| N.Y. App. Div. | Jan 31, 1992

On April 25, 1987, plaintiff Thomas Walters, an infant, was injured when an all-terrain vehicle (ATV) that he was operating at Atkins’ home struck a tree. The ATV was owned by Atkins. Approximately four days after the accident, plaintiff Richard Walters, father of Thomas Walters, called Atkins and requested that he contact his insurance company. On May 14, 1987, Richard Walters again phoned Atkins and requested that he contact his insurance company. Atkins told Walters that his insurance company had already been notified. Subsequently, plaintiffs commenced a negligence action against Atkins. Plaintiffs’ counsel repeatedly urged Atkins to contact his insurance company but received no response to letters sent to Atkins at his home. In January 1988, Supreme Court awarded plaintiffs a default judgment in the amount of $25,648.95. Subsequently, Atkins obtained counsel and by letter dated March 25, 1988, Atkins’ counsel for the first time provided notice of the incident to Hartford. On April 20, 1988, Atkins’ counsel obtained an order to show cause vacating the *1068default judgment. The moving papers submitted in support of the order to show cause provided the first indication to plaintiffs that Atkins was insured by Hartford. On April 21, 1988, plaintiffs’ attorney requested the insurance policy and name of Atkins’ broker. A copy of Atkins’ policy was given to plaintiffs’ counsel on April 23, 1988.

On May 5, 1988, plaintiffs’ counsel contacted Hartford by phone and requested that they provide coverage. Hartford declined and, on June 21, 1988, plaintiffs’ counsel sent a written request to Hartford requesting that they provide coverage. Hartford disclaimed coverage.

Initially we note that there is no merit to Hartford’s contention that, because the first notice of claim came from the injured party rather than the insured party, Insurance Law § 3420 (a) (3) is inapplicable. An injured party has an independent right to provide written notice to an insurer and cannot be bound by an insured’s late notice (see, General Acc. Ins. Group v Cirucci, 46 NY2d 862; Children’s Hosp. v Employers Reinsurance Corp., 84 AD2d 933; Metropolitan Prop. & Liab. Ins. Co. v Horner, 79 AD2d 869; Lauritano v American Fid. Fire Ins. Co., 3 AD2d 564, affd 4 NY2d 1028). Hartford’s reliance on Massachusetts Bay Ins. Co. v Flood (128 AD2d 683, lv denied 70 NY2d 612) is misplaced. While the issue in that case involved an insurer’s notice of disclaimer, the decision explicitly recognized an injured party’s independent right to provide notice to an insurer (see, Massachusetts Bay Ins. Co. v Flood, supra, at 684).

Additionally, we conclude that the trial court did not err in determining that plaintiffs acted reasonably in providing notice to Hartford (see, Insurance Law § 3420 [a] [4]; Lauritano v American Fid. Fire Ins.
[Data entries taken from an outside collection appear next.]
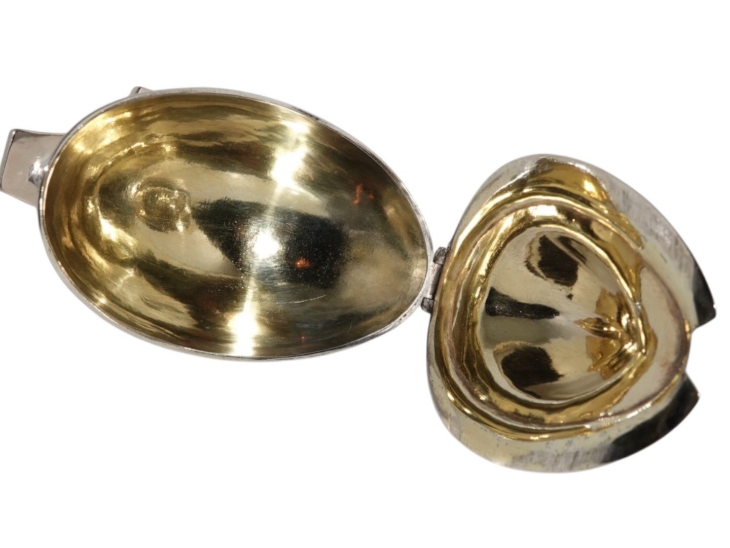 Beskrivelse: Dansk 1700 tals sølv, marmeladekrukke med indvendig forgyldning.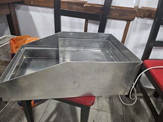 Equipo profesional de acero inoxidable para tamizar harina u otros ingredientes. - Construcción robusta en acero inoxidable. - Diseño con malla fina para un tamizado preciso. - Superficie inclinada para facilitar el flujo del producto.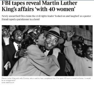 Today’s Sunday Times contained a terrible report on the FBI’s recently released files on Martin Luther King Jr. by Tony Allen-Mills. Even before the domino-effect exposures of the #MeToo phenomenon, it would have been a stretch to dismiss some of the findings as, say, the harmless indulgences of a man under intolerable stresses needing to let off steam.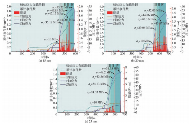 声发射累计事件数、能量和应力随时间变化曲线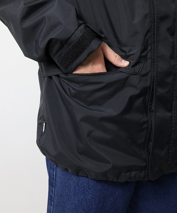 比翼仕立てのフロントはダブルジップで実用的。さらにフラップ付きのスナップボタンとの二重開閉で、ジップが隠れる仕様ですので風の侵入をシャットアウト。さらにシークレットポケット付きなのも嬉しいです。
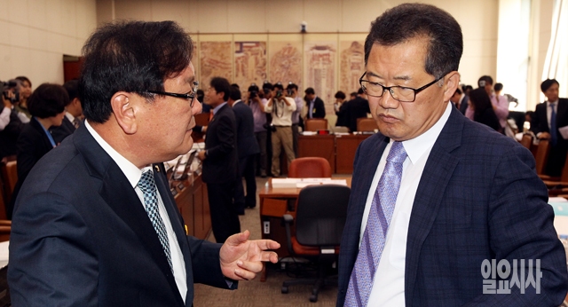 16일 서울 여의도 국회에서 열린 교육문화체육관광위원회의 국정감사가 황우여 교육부장관의 출석 요구 문제로 정회된 가운데 신성범 새누리당 간사(오른쪽)와 김태년 새정치민주연합 간사가 논의를 하고 있다.

Co., supra, at 568-569). The notice required of an injured party is measured less rigidly than that required of the insured (see, Children’s Hosp. v Employers Reinsurance Corp., supra; Lauritano v American Fid. Fire Ins. Co., supra). Here, plaintiffs acted expeditiously once they ascertained the identity of the insurer. While Hartford argues that plaintiffs’ efforts should not be considered reasonable in light of the fact that Atkins told plaintiffs that he had insurance in May 1987, that contention ignores the fact that, beginning only four days after the incident, plaintiffs made repeated requests that Atkins contact his insurance company. After being assured by Atkins that his insurer had already been notified and, receiving no response from either Atkins or his insurer, plaintiffs acted reasonably in prosecuting their lawsuit. Under the circumstances, we conclude that plaintiffs *1069undertook reasonable efforts to provide notice to Hartford (see, Lauritano v American Fid. Fire Ins. Co., supra). (Appeal from Judgment of Supreme Court, Onondaga County, Mordue, J.— Declaratory Judgment.) Present — Denman, P. J., Callahan, Green, Lawton and Davis, JJ.